Bulgarian President Rossen Plevneliev has spoken out against a backtrack on the country’s full ban on smoking in enclosed public places such as restaurants and bars and also opposes a national referendum on the issue.

Plevneliev’s comments on June 5 2013 came against a background of the Bulgarian Socialist Party government that took office on May 29 indicating readiness to retreat on the ban, now in force for just more than a year.

Socialist MPs who are backing amendments to the law have said that it could reach first-reading stage in Parliament as early as the week starting June 10. Others in socialist circles have suggested holding a national referendum on the question, perhaps at the same time as Bulgaria’s vote in the May 2014 European Parliament elections.

Plevneliev said that there was no real reason nor a logical explanation why a well-executed reform should be changed.

“Let us set an example as a real European country. Let us be responsible towards Bulgaria’s coming generations,” he said.

Plevneliev, since taking office in January 2012, has been an advocate of referendums as direct democracy, but dismissed the idea of one on the smoking ban as a waste of money. Bulgaria’s January 2013 referendum cost about 20 million leva (about 10 million euro).

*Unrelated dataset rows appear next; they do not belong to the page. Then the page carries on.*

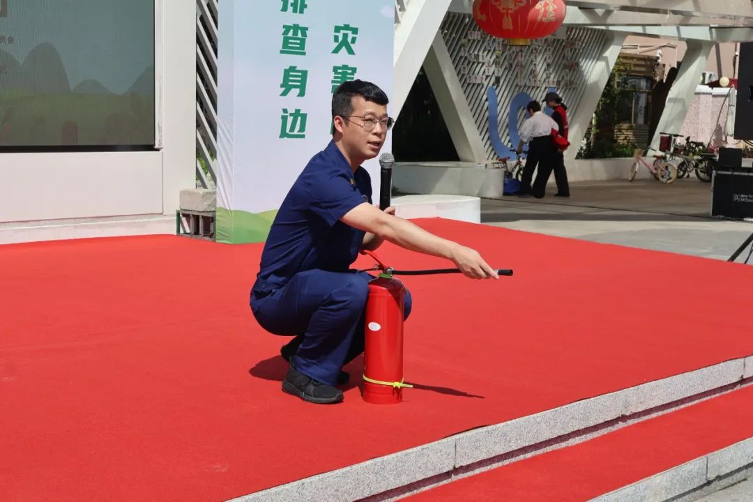 隨后,消防隊員現場演示滅火器使用技巧,講解家庭火災預防要點,并通過模擬火情處置,生動展示應急技能。醫護人員緊隨其后,開展心肺復蘇、急救包扎等實操教學,邀請居民參與互動,掌握“黃金救援”關鍵步驟。活動還穿插兩輪防災知識有獎問答,涵蓋地震避險、火災逃生等內容,居民踴躍參與,現場氣氛熱烈。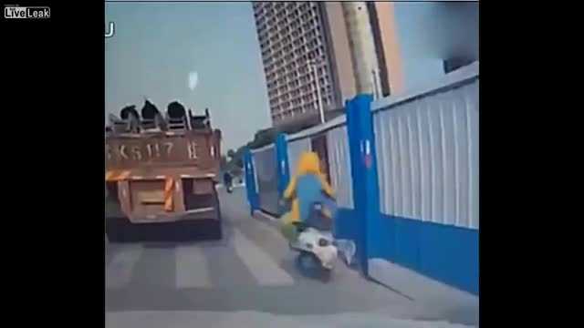 Người đi chiếc scooter xấu số cố gắng len vào khoảng trống giữa xe tải và tấm dựng chắn công trình ở Trung Quốc. Bất ngờ xảy đến khi tài xế xe tải bắt đầu hơi đánh lái sang phải, khối thép dài trên thùng theo quán tính rơi nghiêng vì không chằng buộc, trúng người đi xe máy.
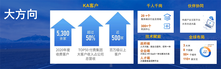 AG公司国际是领先的以技术驱动的整体人才解决方案服务商,也是国内首家登陆A股的人力资源服务企业(300662.SZ),现在在中国、印度、新加坡、马来西亚、美国、英国、澳大利亚、荷兰等全球市场拥有110+家分支组织,2,600余名专业招聘顾问及技术人员,在20+个细分行业及领域为客户给予中高端人才访寻、招聘流程外包、灵活用工、人力资源咨询、培训与开展、薪税外包等人力资源全产业链服务,同时给予一体化SaaS云产品、垂直招聘平台、人力资源产业互联平台及人才大脑平台。顺利获得构建“技术+平台+服务”的商业模式,打造产业互联生态,为企业人才配置与业务开展给予一体化支撑,为区域引才就业与产才融合给予全链条赋能。在过去一年中,服务超过5,300家跨国集团、国内上市公司、快速成长性企业、国企、政府以及非盈利组织,成功推荐中高端管理及专业技术岗位人员25,000余名,灵活用工累计派出190,000余人次,聚合合作伙伴近3,500家。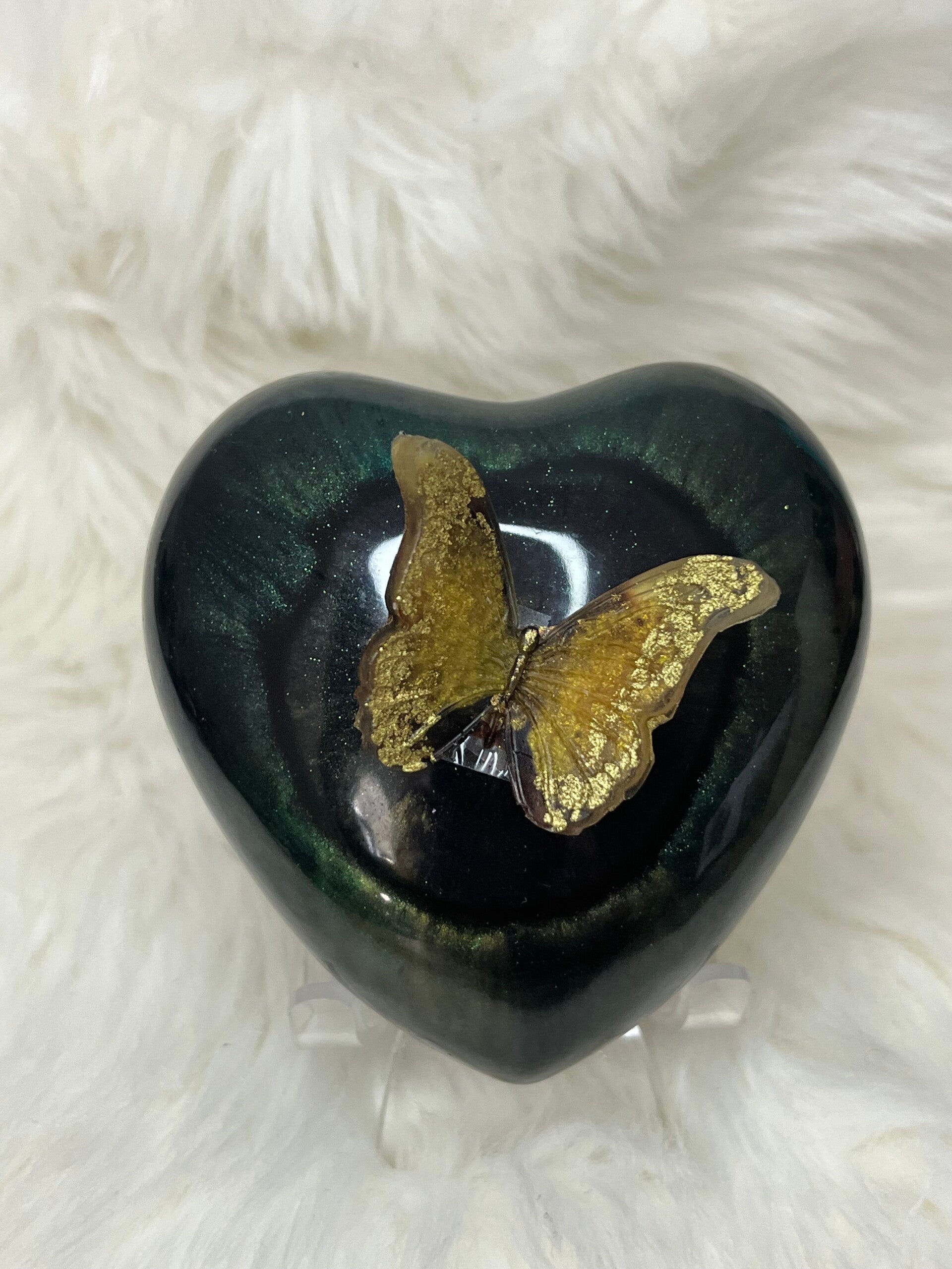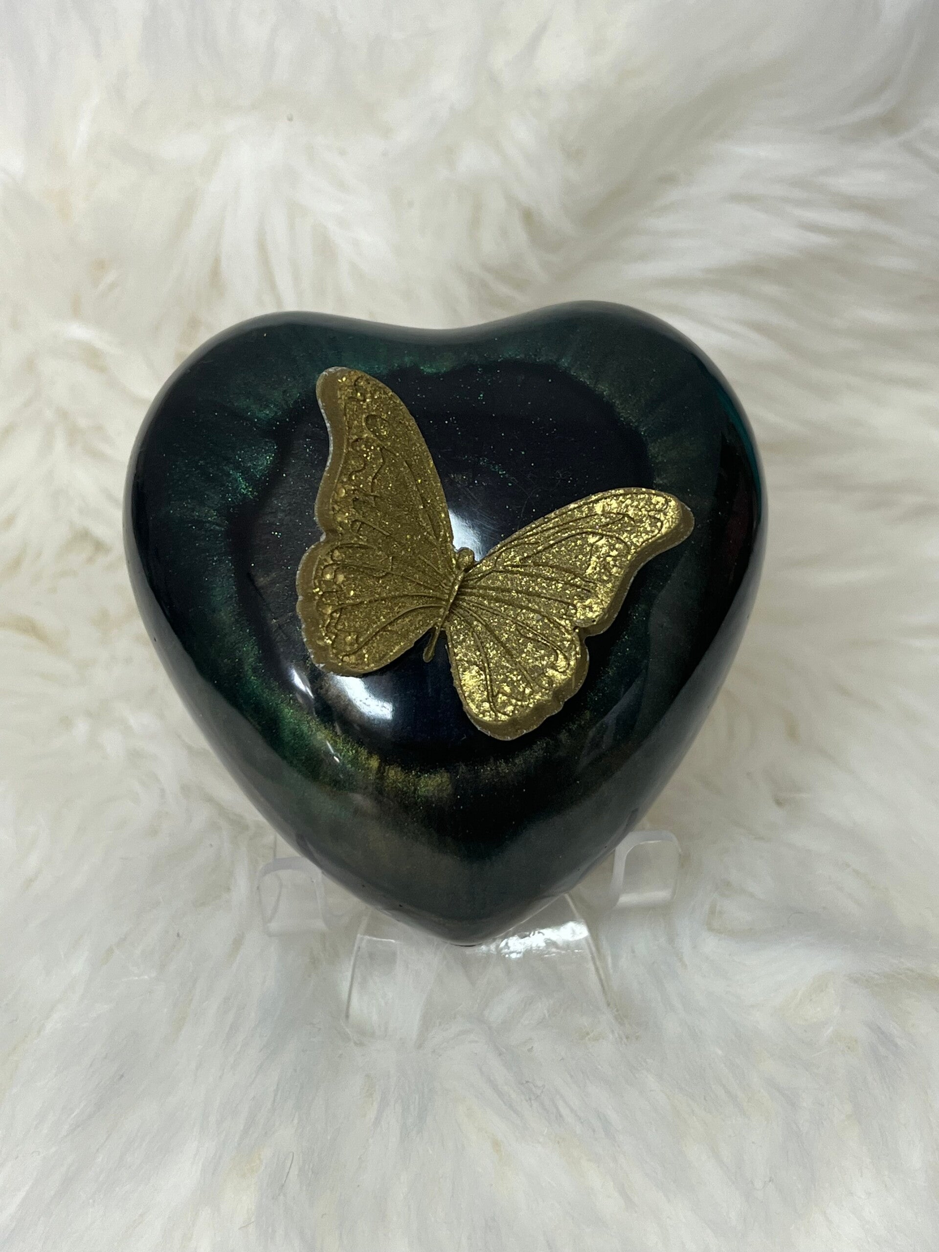 Prachtig en uniek ashart maat M in groen/brons/zwart met afsluitbare uitsparing voor as of haar. Eenvoudig te vullen en af te sluiten met de bijpassende afsluitdop.

In 2012, when campaigners demanded a backtrack on the ban and draft amendment legislation was put to the parliamentary committees on health and on the economy, Plevneliev indicated that if such legislation was approved, he would use his constitutional right of veto.

The constitution gives the President a limited right of veto. In the event of the head of state referring legislation back to the National Assembly, Bulgaria’s unicameral Parliament, the veto may be overturned by a simple majority of MPs.

Separately, the Ministry of Health said that in the year since June 1 2012 when the full ban on smoking in enclosed public places came into force, 1040 fines had been issued, totalling 668 150 leva.

Between June 1 2012 and May 31 2013, regional health inspectors conducted a total of 215 207 checks at places during the country, day and night.

Several places were checked more than once to establish whether breaches of the law had been corrected.

There were close to 43 000 inspections of eating places, 25 593 inspections of schools and kindergartens and 50 715 inspections at health facilities. Other places inspected included railway stations, bus stations, banks, office buildings, public toilets, shopping centres, theatres and cinemas, hotels and motels, gambling halls, barbers, hairdressers and beauty salons, fitness centres, swimming pools, hostels, old-age homes and internet cafes.

The ministry said that there had been 2708 inspections at outdoor public places, including areas adjacent to kindergartens and playgrounds, sports facilities and cultural events.

The most violations of the ban were found in, respectively, Sofia, Plovdiv, Dobrich, Varna and Blagoevgrad.